SQL projection results now use typed OutputValue cells instead of Vec<Vec<String>>.
Blob values remain binary through the result boundary. Hex rendering only happens when a caller explicitly asks for display/table output.
In other words:
Before: SQL value -> display string -> caller
After: SQL value -> typed OutputValue -> caller
|
└── render only when display is requested
This keeps the semantic SQL result clean while preserving human-readable rendering where it belongs: at the display boundary.
Measured Impact
Focused SQL perf matrix, current implementation vs previous baseline:
| Query shape | Before | After | Improvement |
|---|---|---|---|
| Blob payload projection | 14,135,523 | 1,202,655 | -91.49% |
| Blob thumbnail projection | 1,817,791 | 1,050,264 | -42.22% |
| Wide scalar projection | 1,138,594 | 1,122,779 | -1.39% |
| Numeric expression projection | 1,055,763 | 1,042,382 | -1.27% |
The major win comes from avoiding eager hex expansion and unnecessary display conversion work.
For one measured blob payload query:
| Output | Raw blob bytes | Old hex-rendered estimate |
|---|---|---|
| Full blob payload rows | 121,856 | 243,724 |
| Thumbnail rows | 7,168 | 14,342 |
So for blob-heavy SQL results, the new typed path avoids roughly 2x display expansion unless display output is explicitly requested.
Human-readable rendering still exists.
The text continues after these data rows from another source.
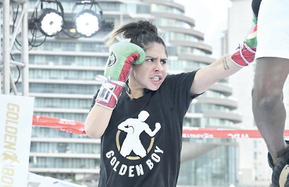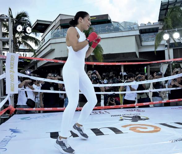 El entrenamiento público por parte de los pugilistas consistió en moverse un poco dentro del cuadrilátero, haciendo “sombra” y luego las manoplas con sus respectivos mánagers, siendo la primera en subir, la “tica” Yokasta Valle quien lució su belleza arriba del ring instalado exactamente en el muelle que da a la caleta con varios yates atracados y el edificio “Shark”.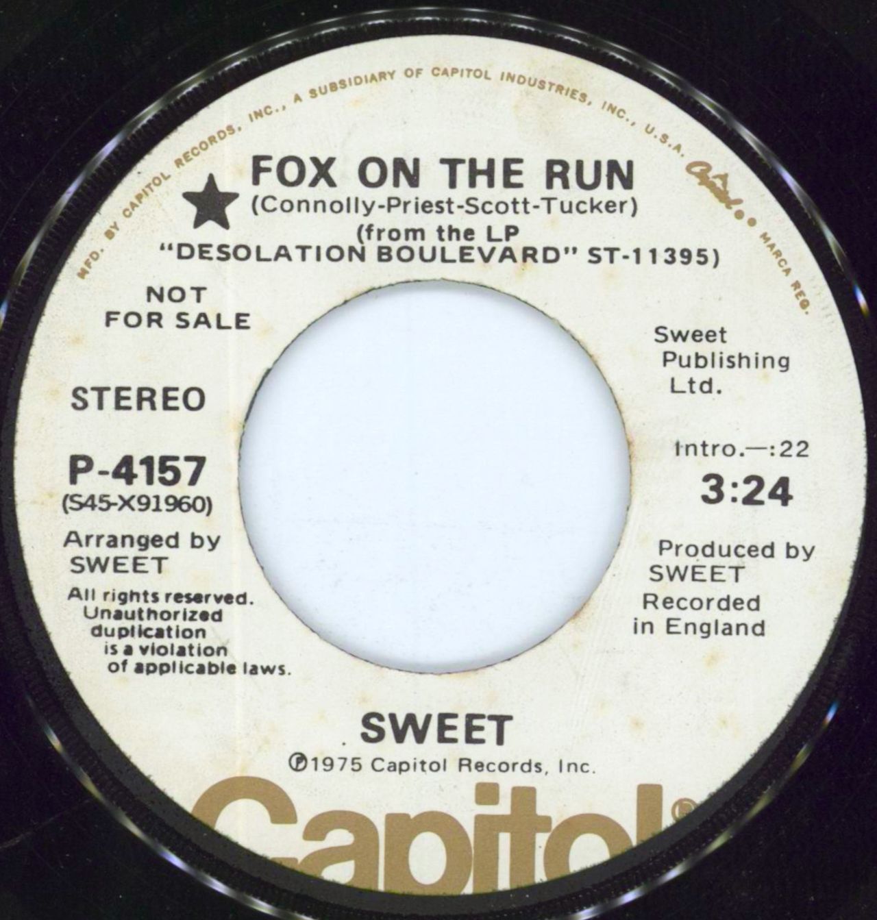 THE SWEET Fox On The Run (1975 US 7" promotional only wide-centred 7" vinyl single with both the mono and stereo versions, plain die-cut sleeve. The labels are free from writing and the vinyl is Excellent with little sign of play P-4157)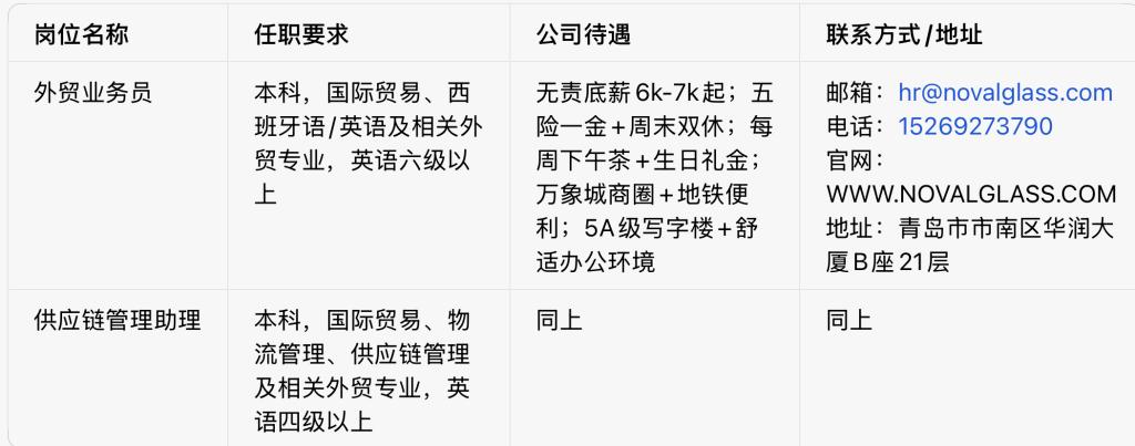 二、补充说明 •两个岗位共享同样的薪资福利与办公地点信息。 •外贸业务员对英语水平要求更高(六级),专业范围也更偏向语言类+外贸类;供应链助理对英语要求为四级,专业更偏向物流、供应链方向。三、联系方式 •邮箱:hr@novalglass.com •电话:15269273790 •地址:青岛市市南区华润大厦B座21层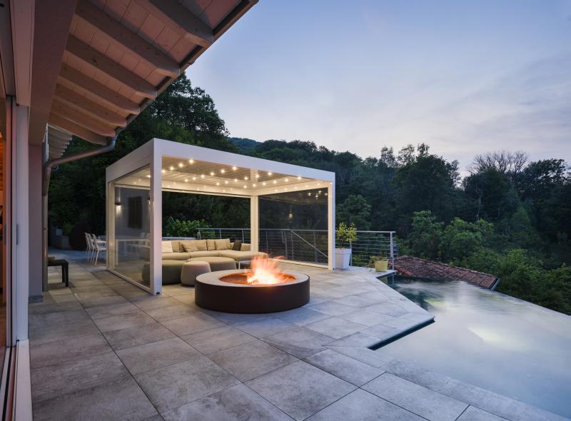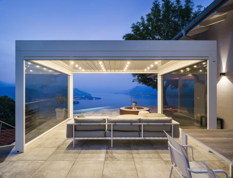 Inoltre, le chiusure laterali offrono il giusto riparo dalla brezza che, specialmente la sera, scende dalle colline circostanti e può talvolta disturbare i momenti di relax. Le chiusure laterali sono state applicate su tre dei quattro lati, così il lato panoramico è sempre libero per godere della vista.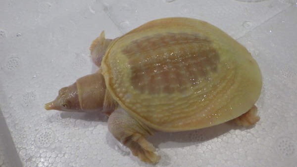 大きめな安心サイズのアルビノスッポンです!ベビーだと皮膚病になりやすかったり低温に弱かったり、ややデリケートな部分もありますが、このサイズなら丈夫で飼いやすいですよ!左下の画像です。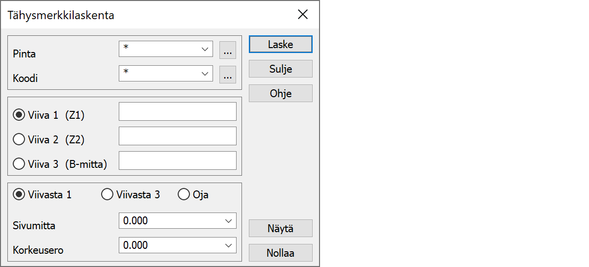 TähysmerkkilaskentaToiminto laskee ja tallentaa tiensuuntaisen taiteviivan aktiiviseen tiedostoon käyttäen taiteviivatiedostoa (tien suuntaiset viivat) ja ML-tiedostoa.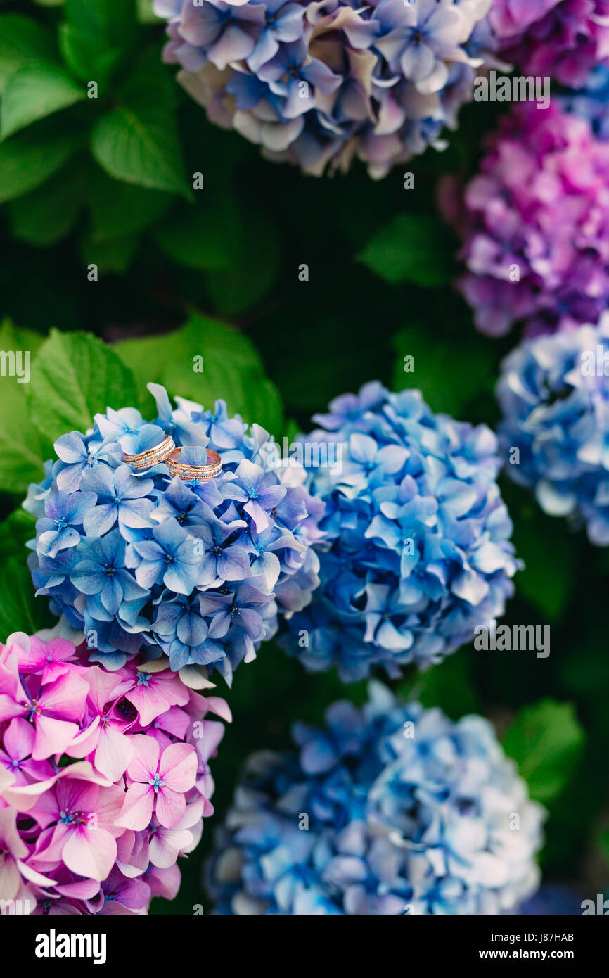 Wedding Rings On The Hydrangeas Wedding Jewelry Stock Photo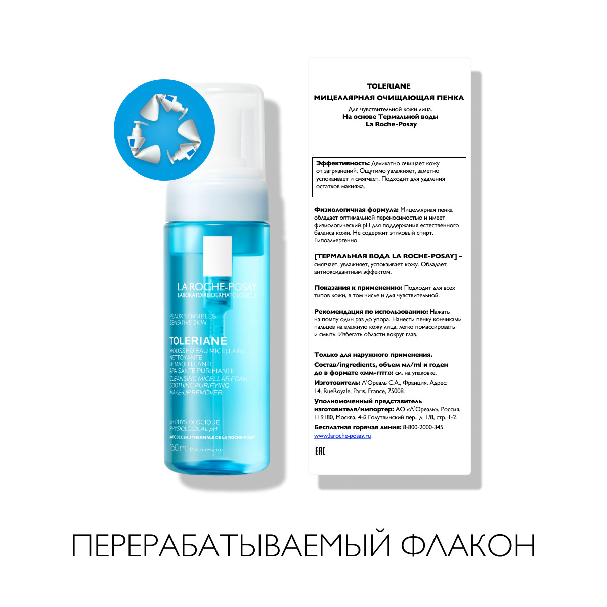 Мицеллярная очищающая пенка эффективно и мягко очищает кожу, подходит для снятия макияжа. Имеет физиологический pH для поддержания естественного баланса кожи. Заметно успокаивает, смягчает и увлажняет кожу В состав входят специально отобранные очищающие компоненты, обеспечивающие высокую переносимость средства. Средство создано на основе Термальной воды La Roche-Posay. Подходит для всех типов кожи, в том числе для чувствительной. Не содержит этиловый спирт. Гипоаллергенно.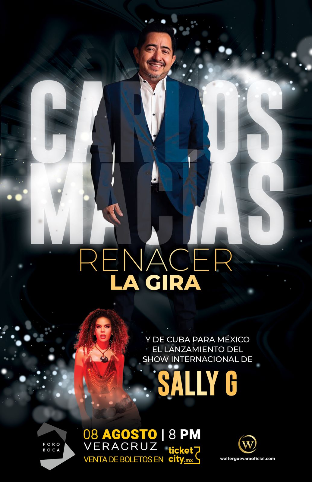 Carlos Macías y Sally G se presentan el Viernes 08 de Agosto en el Foro Boca de Boca del Río, Veracruz a partir de las 8pm y un día después el Sábado 09 de Agosto en Xalapa en el Gimnasio Nido del Halcón UV a partir de las 8pm. La venta de boletos está disponible en la plataforma https://www.ticketcity.mx/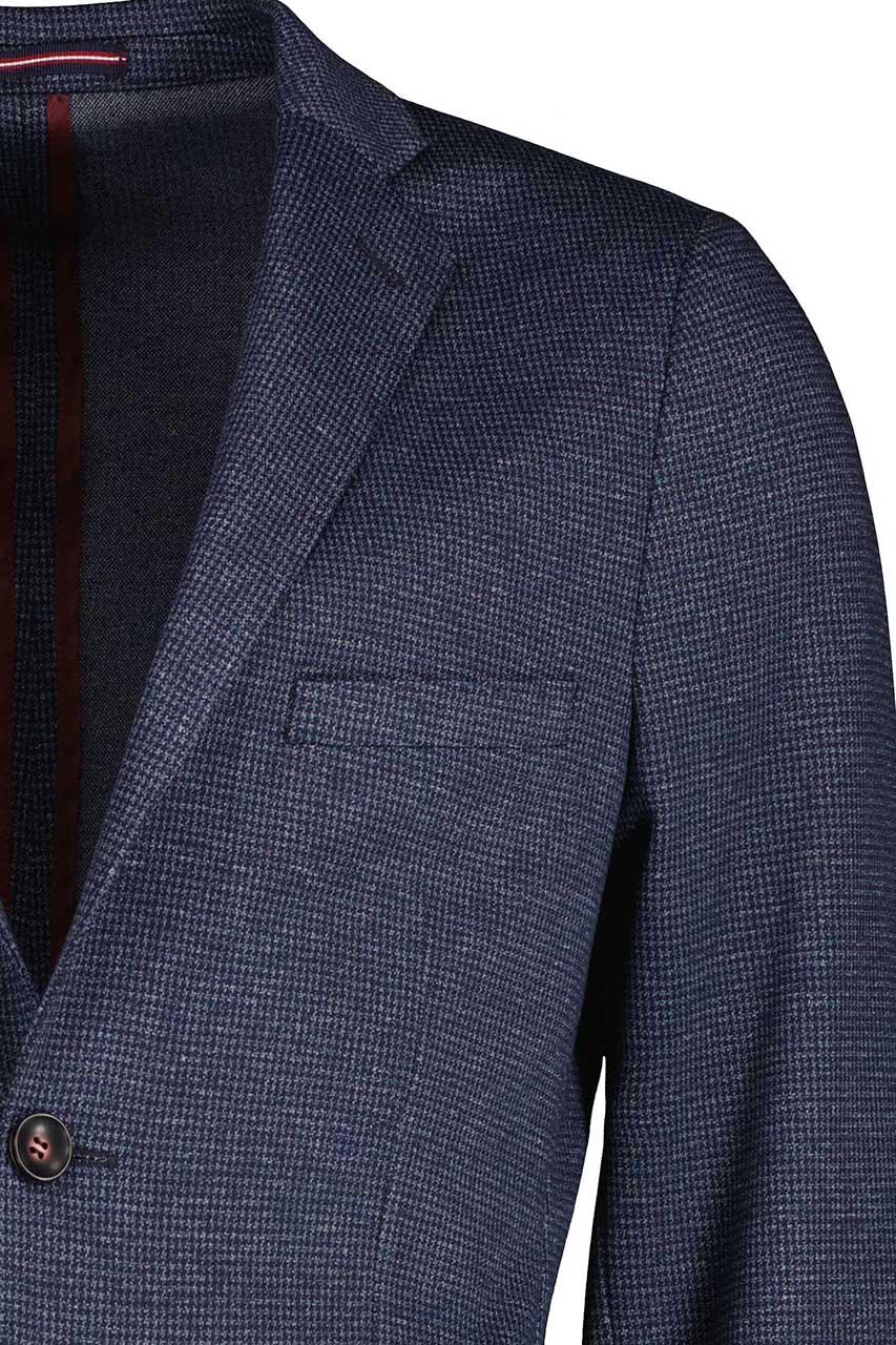 Marynarka w drobną pepitkę uszyta z miękkiej i przyjemnej w chwycie tkaniny. Model o klasycznym fasonie. Bez podszewki. Wyprodukowano w Polsce.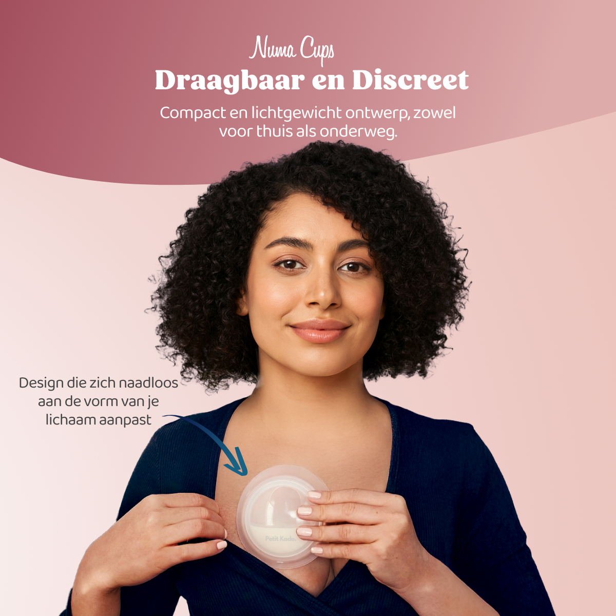Elke druppel telt. Tijdens het voeden of kolven verliest je lichaam ongemerkt kostbare melk. De Numa Cups zijn dé slimme oplossing voor moeders die niets willen verspillen. Deze zachte, onzichtbare lekschalen passen moeiteloos in je beha en vangen stilletjes de melk op die anders verloren zou gaan. Zo win jij comfort, controle én melk terug.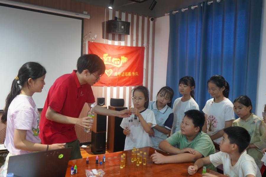 “我们用生活中随处可见的物品展示蕴含高深物理原理的实验,更贴近孩童视角、更能被孩子们所接受。”宣讲团志愿者老师、湖北大学物理学院博士生卢莎介绍到。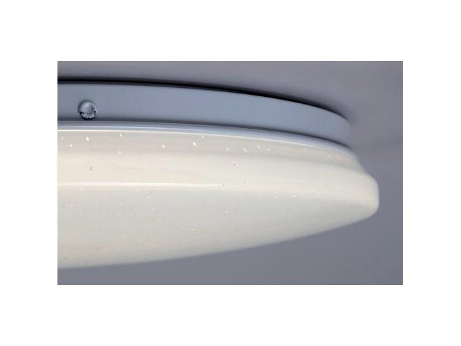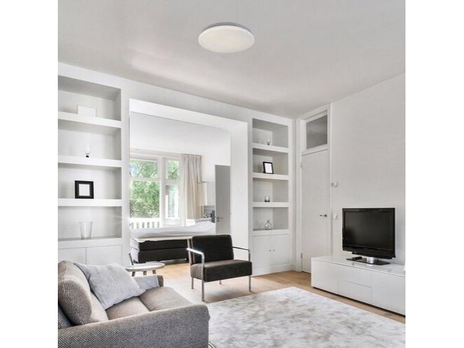A csillogó effekttel ellátott kerek Vendel mennyezeti lámpát egyszerű, letisztult dizájn jellemzi, amelynek köszönhetően ez a modell szinte bármely modern nappali vagy hálószoba berendezésének diszkrét, praktikus darabja lehet. Ha központi fényforrást keresünk a szobába, a Vendel nagy méretével és jelentős fényerejével kitűnő választás lehet. A fémből készült fehér lámpatestet fehér műanyagbúra egészíti ki. A Vendel a G energiaosztályba tartozó beépített LED fényforrással rendelkezik, amelynek a teljesítménye 24 W, fényereje búrával 1970 lumen, búra nélkül 2400 lumen, élettartama pedig igazán fantasztikus: 50 000 óra! A 4000 K színhőmérsékletű fényforrás meleg fehér fénnyel világít, ezért ez a mennyezeti lámpa különösen jó választás a nappaliba, ahol modern, tiszta hatásával kiválóan támogatja az esti órákban végzett közös tevékenységeket. A Vendel mennyezeti lámpa méretei a következők: átmérője 375 mm, beépítési átmérője 355 mm, mennyezettől mért távolsága pedig mindössze 55 mm.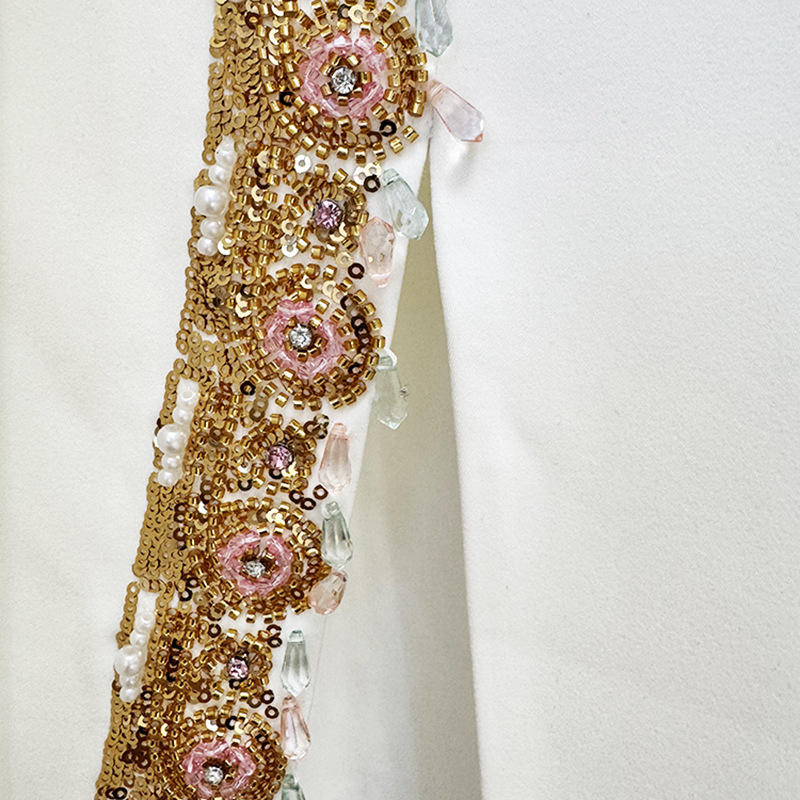 Abbigliamento firmato bianco collo alto manica lunga oro floreale due pezzi Maxi gonna Set produttori per abiti personalizzati
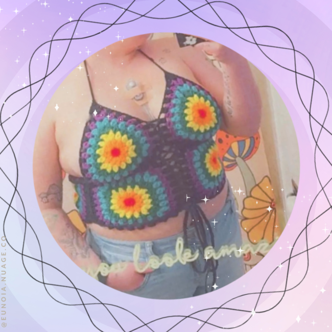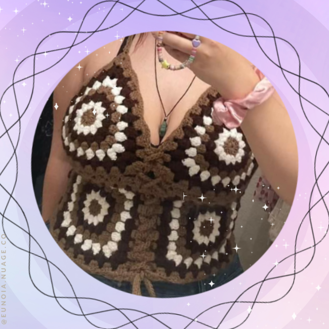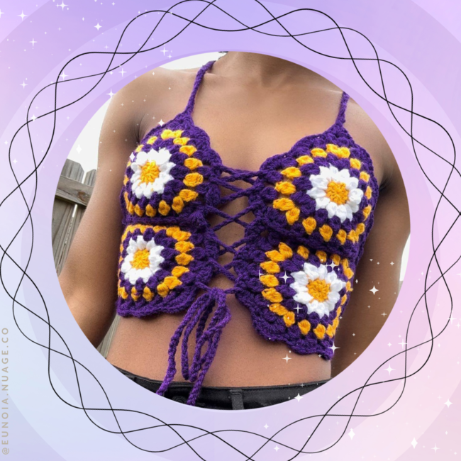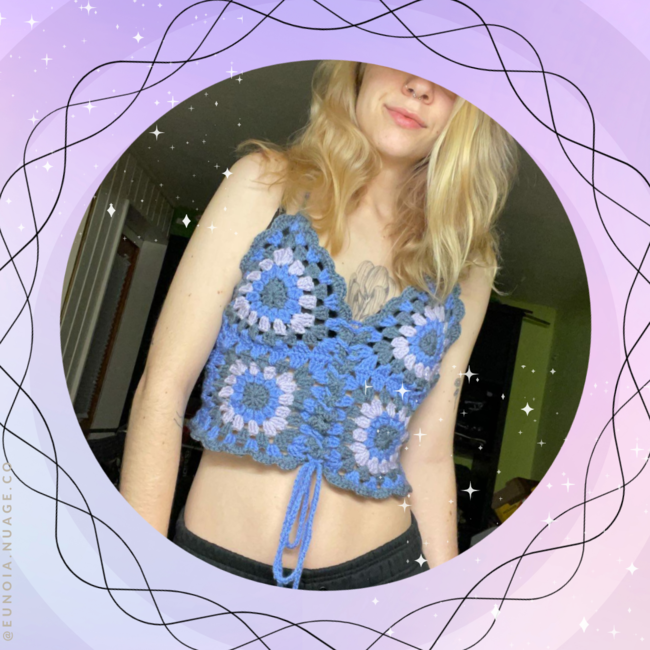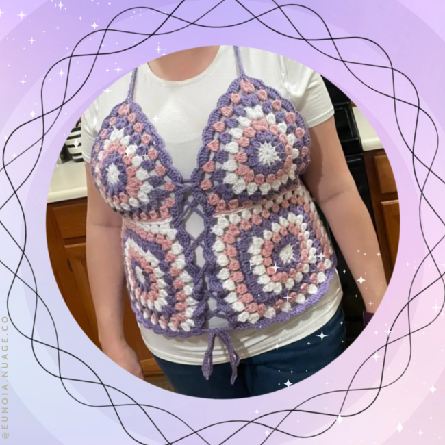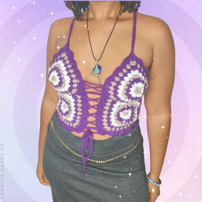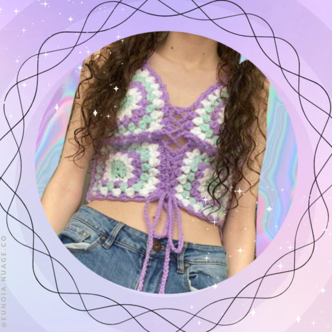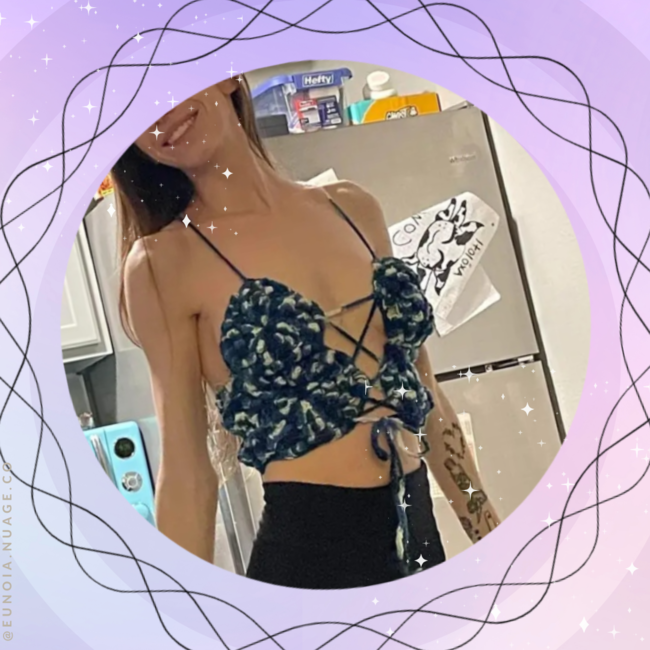 eunoianuageco designed the Lacey Delilah Top pattern. Find more of their patterns on their Ribblr shop page.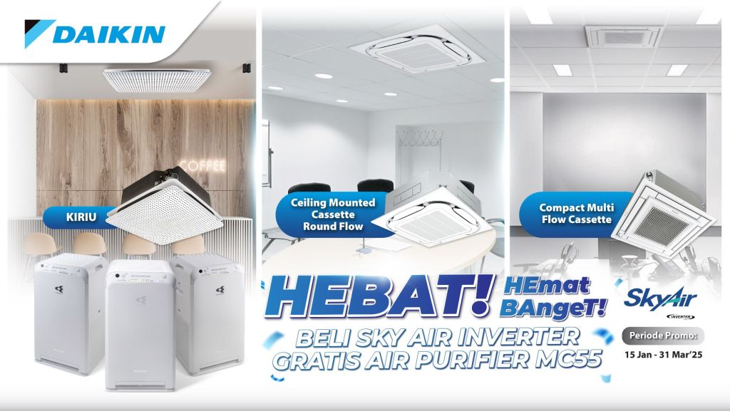 Bagi Anda yang tertarik untuk memiliki AC DAIKIN SkyAir ini, dapat memanfaatkan promo DAIKIN Hemat Banget. Berlangsung hingga 31 Maret nanti, DAIKIN memberikan unit air purifier DAIKIN MC55UVM untuk setiap pembelian produk DAIKIN SkyAir Inverter.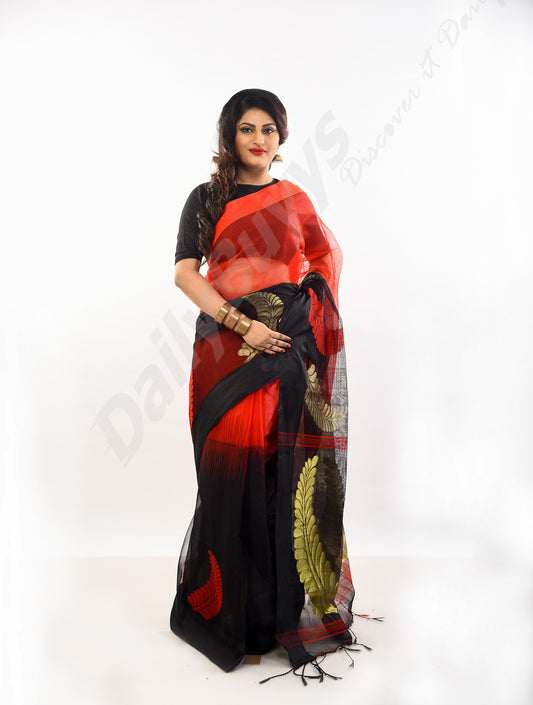 Red Black Tetul Pata Dhakai Jamdani Sarees

It has simply moved out of the primary semantic result format and into the display layer.
Direct-Stable Storage Removed
IcyDB also removed the old direct-stable runtime storage lane.
This does not mean IcyDB is moving away from stable memory. Durable storage now goes through the journaled cached-stable path, which is the runtime path we want to keep optimizing and proving.
The removed path was the older direct storage(stable(...)) style backend. It increased the number of execution/storage combinations we had to test, audit, and reason about, while the journaled path is now the intended durable storage authority.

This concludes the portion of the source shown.